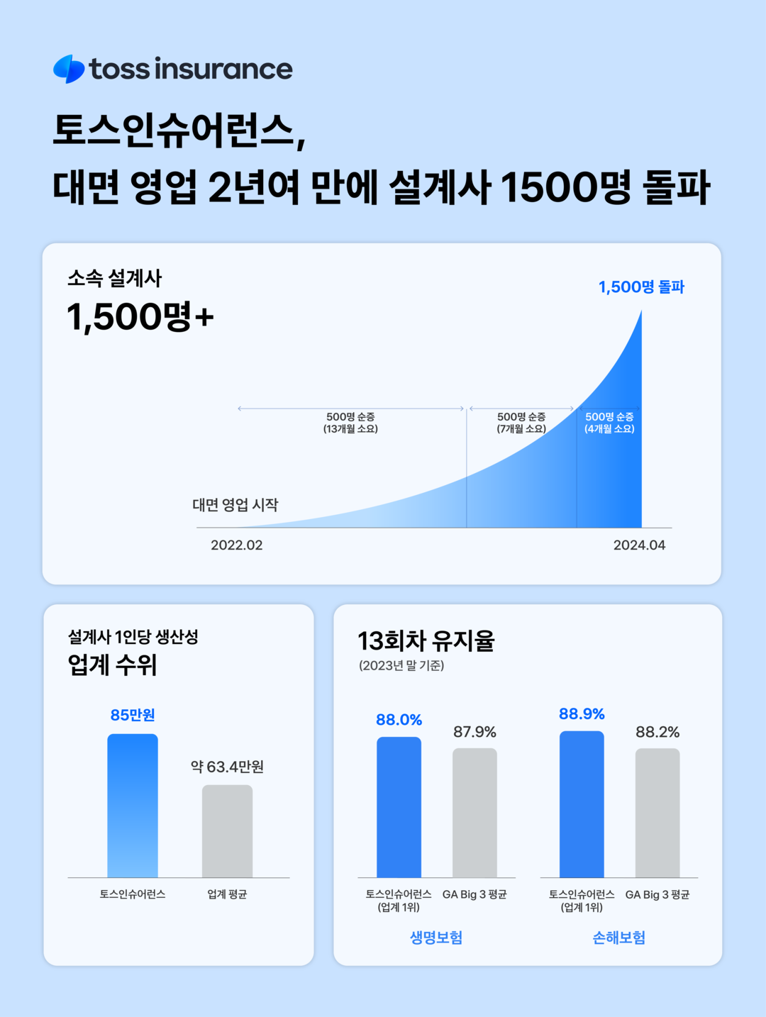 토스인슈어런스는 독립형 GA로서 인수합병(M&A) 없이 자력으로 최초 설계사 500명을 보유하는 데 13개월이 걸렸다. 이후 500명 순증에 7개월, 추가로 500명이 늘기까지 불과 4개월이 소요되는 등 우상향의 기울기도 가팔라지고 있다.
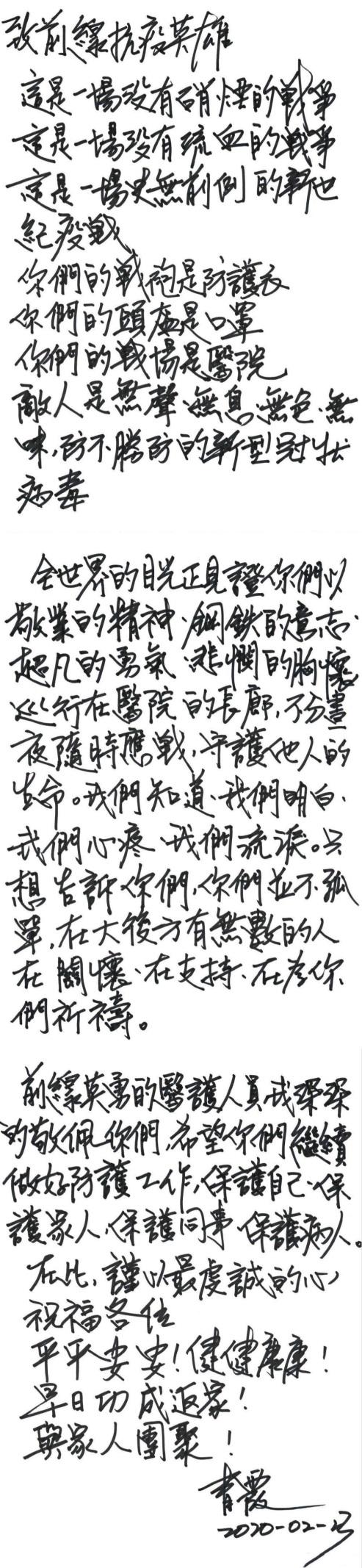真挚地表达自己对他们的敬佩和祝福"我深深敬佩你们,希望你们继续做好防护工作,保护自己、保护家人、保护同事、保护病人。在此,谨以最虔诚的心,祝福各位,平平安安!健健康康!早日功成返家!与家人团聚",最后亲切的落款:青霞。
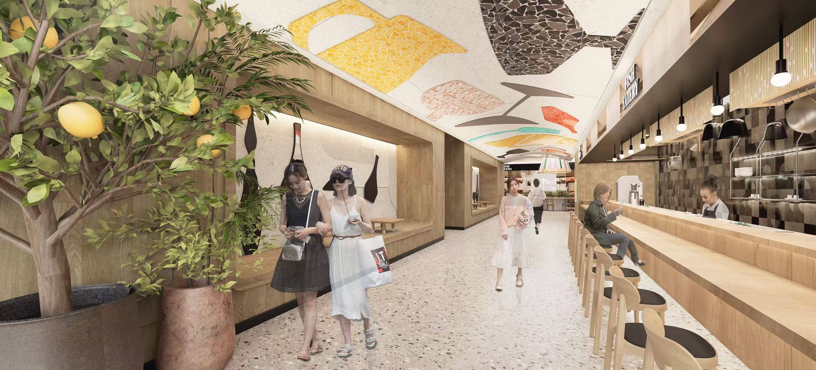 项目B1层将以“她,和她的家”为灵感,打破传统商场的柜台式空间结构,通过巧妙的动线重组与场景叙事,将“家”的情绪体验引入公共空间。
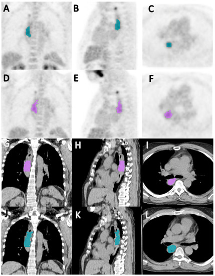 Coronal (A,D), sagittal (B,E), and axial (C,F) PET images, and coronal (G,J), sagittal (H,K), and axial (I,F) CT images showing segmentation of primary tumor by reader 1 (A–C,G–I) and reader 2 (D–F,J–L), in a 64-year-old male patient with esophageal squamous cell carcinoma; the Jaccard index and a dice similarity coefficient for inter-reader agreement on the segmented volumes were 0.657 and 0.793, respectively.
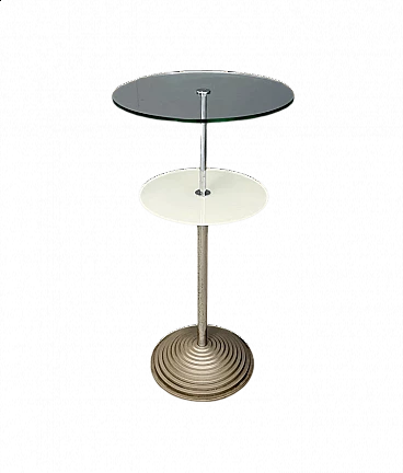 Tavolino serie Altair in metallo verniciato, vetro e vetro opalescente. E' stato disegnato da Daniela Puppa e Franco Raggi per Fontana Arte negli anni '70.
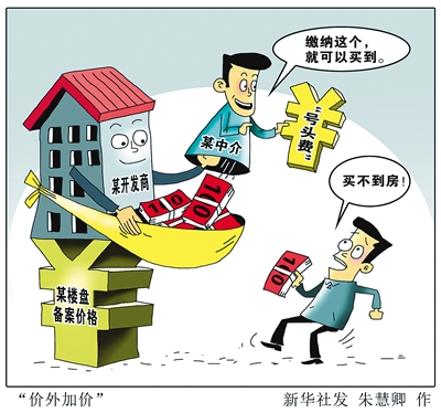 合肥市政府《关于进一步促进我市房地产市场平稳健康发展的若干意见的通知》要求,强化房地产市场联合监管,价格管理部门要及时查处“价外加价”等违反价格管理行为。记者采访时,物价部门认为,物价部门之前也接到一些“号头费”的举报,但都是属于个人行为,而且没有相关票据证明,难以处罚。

--

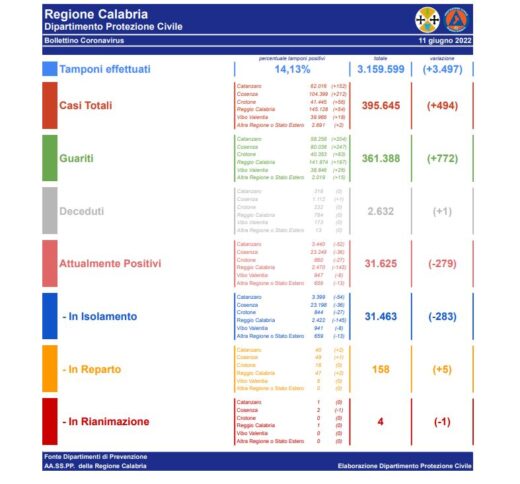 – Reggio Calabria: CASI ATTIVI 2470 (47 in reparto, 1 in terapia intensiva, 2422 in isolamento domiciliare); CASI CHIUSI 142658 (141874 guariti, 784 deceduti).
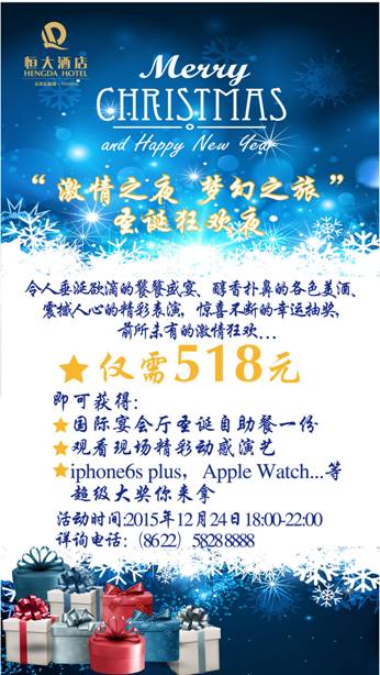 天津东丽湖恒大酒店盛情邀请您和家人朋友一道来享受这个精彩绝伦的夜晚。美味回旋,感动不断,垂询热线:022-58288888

---

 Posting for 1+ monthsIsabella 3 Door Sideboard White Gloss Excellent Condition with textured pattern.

-- REQUIREMENT --
From the records above, copy only the lines running from the line holding "Coronal (A,D), sagittal" through the line holding "合肥市政府《关于进一步促进我", with no pictures.

-- EXPECTED ANSWER --
 Coronal (A,D), sagittal (B,E), and axial (C,F) PET images, and coronal (G,J), sagittal (H,K), and axial (I,F) CT images showing segmentation of primary tumor by reader 1 (A–C,G–I) and reader 2 (D–F,J–L), in a 64-year-old male patient with esophageal squamous cell carcinoma; the Jaccard index and a dice similarity coefficient for inter-reader agreement on the segmented volumes were 0.657 and 0.793, respectively.
 Tavolino serie Altair in metallo verniciato, vetro e vetro opalescente. E' stato disegnato da Daniela Puppa e Franco Raggi per Fontana Arte negli anni '70.
 合肥市政府《关于进一步促进我市房地产市场平稳健康发展的若干意见的通知》要求,强化房地产市场联合监管,价格管理部门要及时查处“价外加价”等违反价格管理行为。记者采访时,物价部门认为,物价部门之前也接到一些“号头费”的举报,但都是属于个人行为,而且没有相关票据证明,难以处罚。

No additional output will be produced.